The plaza, which is sunken to pay homage to San Antonio’s historic River-Walk, contains Vantage frames, from which visitors can experience and take photograps of the Alamo from angles they have yet to attempt. It also includes seating and eating areas to promote visitor activity.
The proposed building: a museum and exihibition space uses glass walls to keep visitors constantly engaged within the context of the exihibits. additionally there are designated viewing areas for visitors to experience not just the iconic front facade of the Alamo, but also the expansive site it sits within.
In this exercise I used the procedural form generation capacities of the Houdini software to create complex geometries that make use of recursive elements. These objects also exemplify the concept of synechdoche by all serving as parts of an unknown whole. The objects all have elements of incompleteness as well as a timeless quality that leads to a percieved temporal discontextualization.
After finding a suitable final iteration, the object is then recontextualized and composited within an image in order to give it the perennial qualities of a naturally occuring folly.

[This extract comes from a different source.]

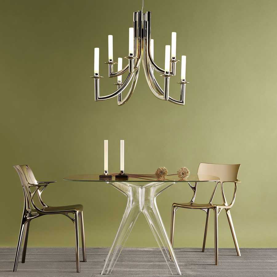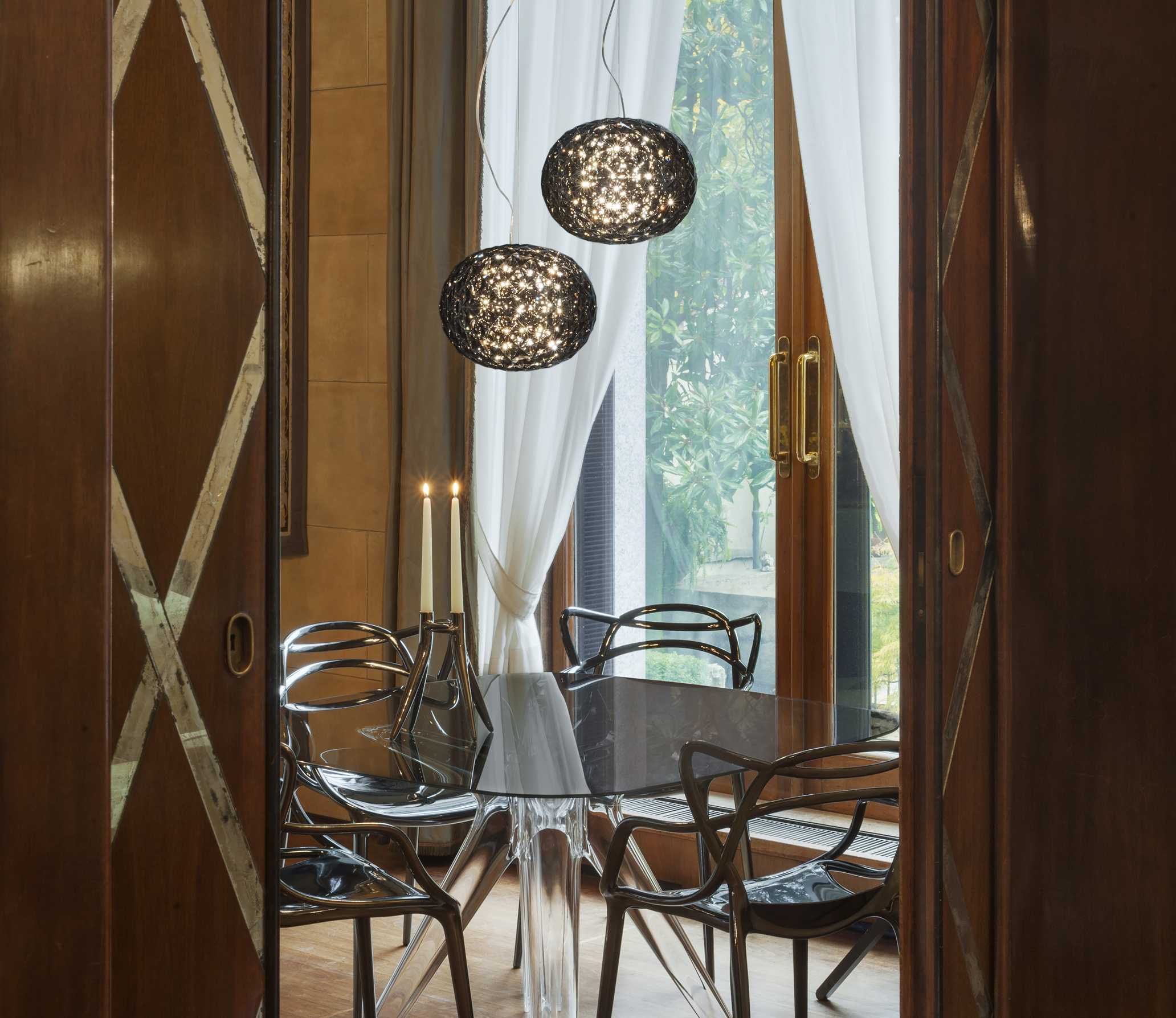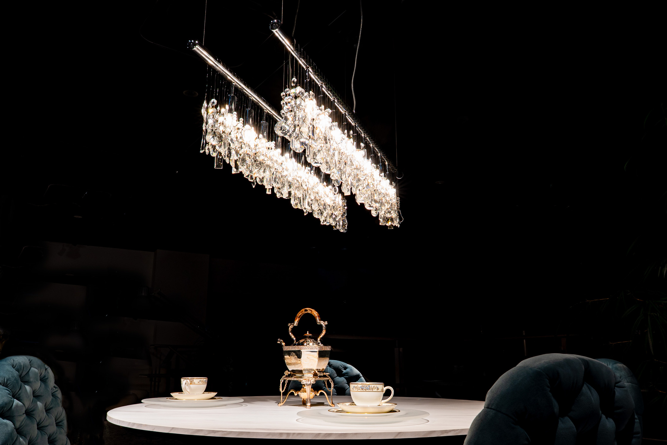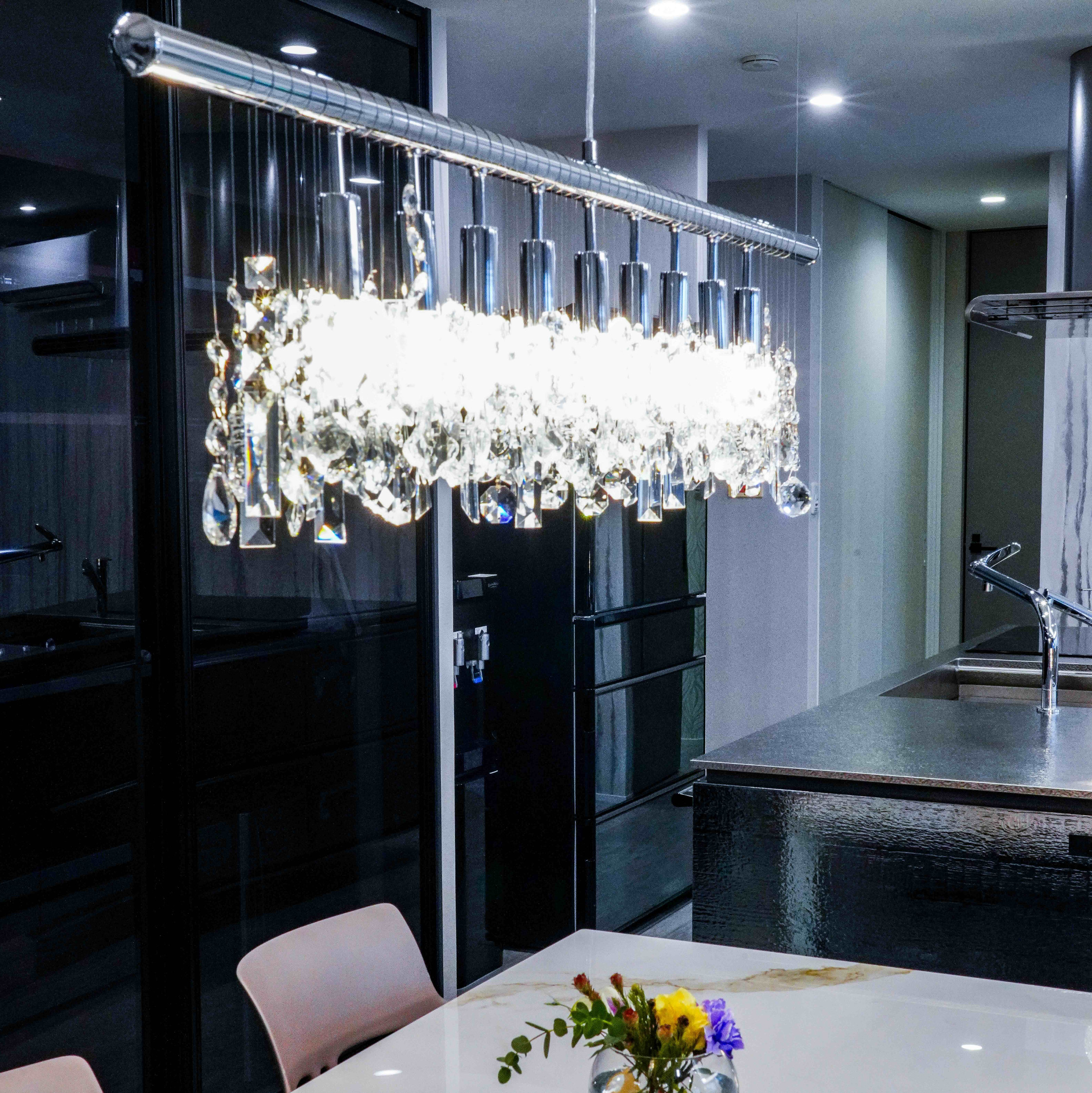 伝統的なモチーフをしたクリスタルガラスのオーナメントが光を美しく反射し、ダイニング空間を一層華やかに演出。 シャンデリアの豪奢な輝きを楽しみたい方におすすめのペンダントライトです。そのデザインは、エレガンスとモダンが融合し、ラグジュアリーな空間にぴったり。 食卓を囲む時間を、より特別なものへと変えてくれます。

Contributions: Form Generation, Renders, Texture Detailing, Floor Plans
With: Joel Oelze
Professor: Gabriel Esquivel
This project is designed based on the scaling of different elements within context of a machine. The small articulated elements of a gearbox, circuit, and engine have been scaled to determine junctions, paths, connections, and the overall circulation and layout across the existing airport of Atlanta, TX. According to the logic of this auto-poetic machine, the basic structure absorbs and contain the buildings as well as the existing site conditions.
Keeping with the dynamic articulation ideas explored in the site, the Museum was designed as a composition created with an assemblage of parts. This causes it to read as a combination of discrete performative and non performative elements. These large elements create the general form and massing of the building, keeping in the same machine and industrial sensibility of the entire project. This building then functions as a defiance of typical adaptive reuse sensibility, as engine objects acquire a new purpose as a Museum, Auditorium, and Cafe.
The second set of buildings are designed with heavy surface articulation kitbashing on a small scale. It exists as three distinct objects in one family, splitting one object in order to create a familiarity between buildings. This split object is then organized and edited to create a hierarchy between the spaces, and to highlight the pre-existing familiarity. Finally a large assemblage of non-performative elements order to activates the surface articulation visible in the elevations.